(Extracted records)
++++++++++
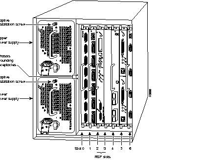 The RSP1 must be installed in the top slot in the Cisco 7505, which is labeled Slot 4 on the backplane and RSP to the left of the slots. (See Figure 1-3 on page 1-6.) (An RSP4 can also be used with the Cisco 7505; see the section "RSP4Cisco 7505, Cisco 7507, and Cisco 7513" on page 1-26.)
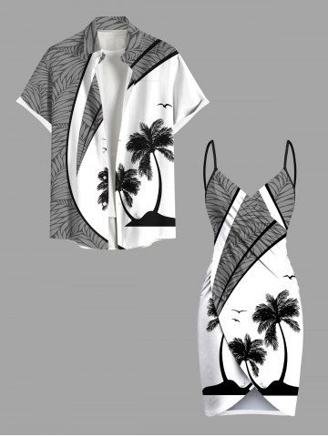 Plus Size Coconut Tree Curve Tropical Leaf Print Hawaii Convertible Beach Cover Up - White - M
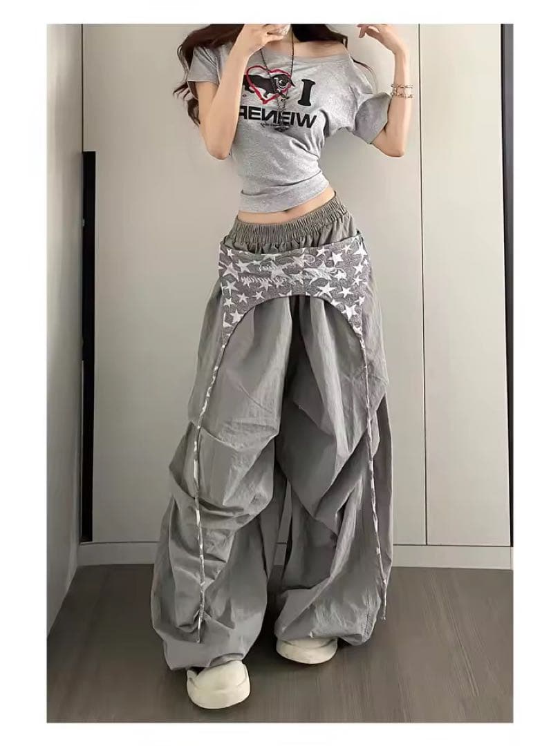 エンジェル 星柄 ジョガーパンツ カーゴパンツ ワイド ルーズ グレー
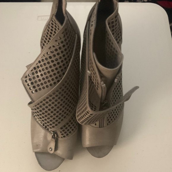Worn once. Grayish-Tan bootie. With a Zipper and strap. Very Cute
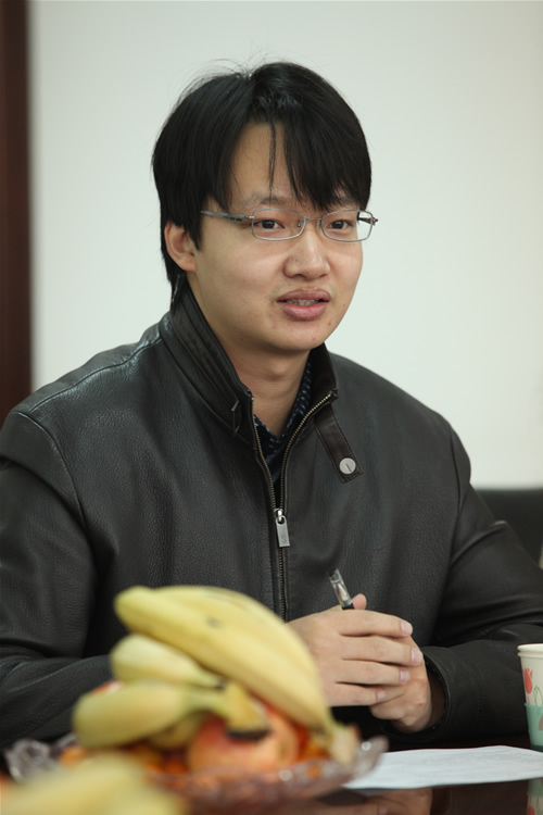 我院团委书记叶振楠向来宾介绍我院团学工作情况
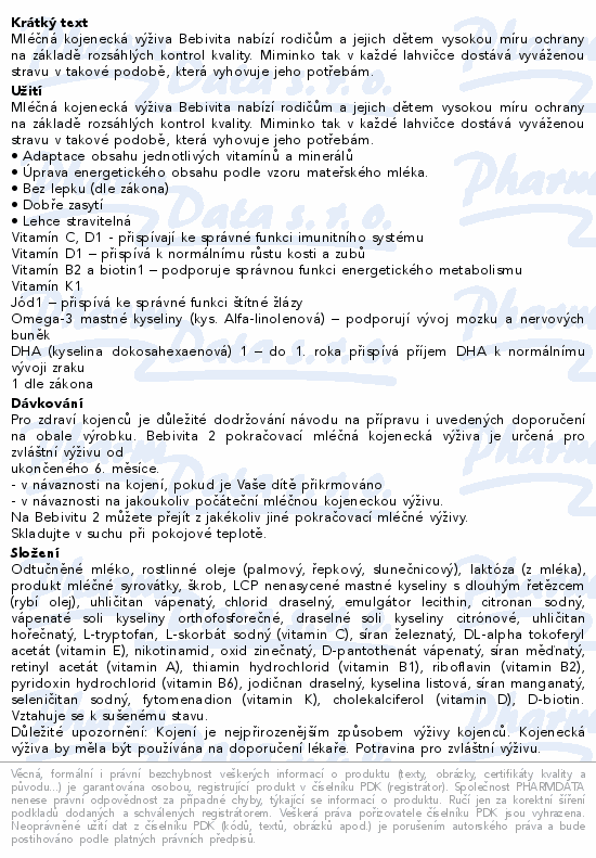 Bebivita 2 mléčná kojenecká výživa 6+m 500g
++++++++++
The lines wanted run from the one with "我院团委书记叶振楠向来宾介绍我院团学工作情况" through the final line of the data; repeat them word for word and skip every picture.

 我院团委书记叶振楠向来宾介绍我院团学工作情况
 Bebivita 2 mléčná kojenecká výživa 6+m 500g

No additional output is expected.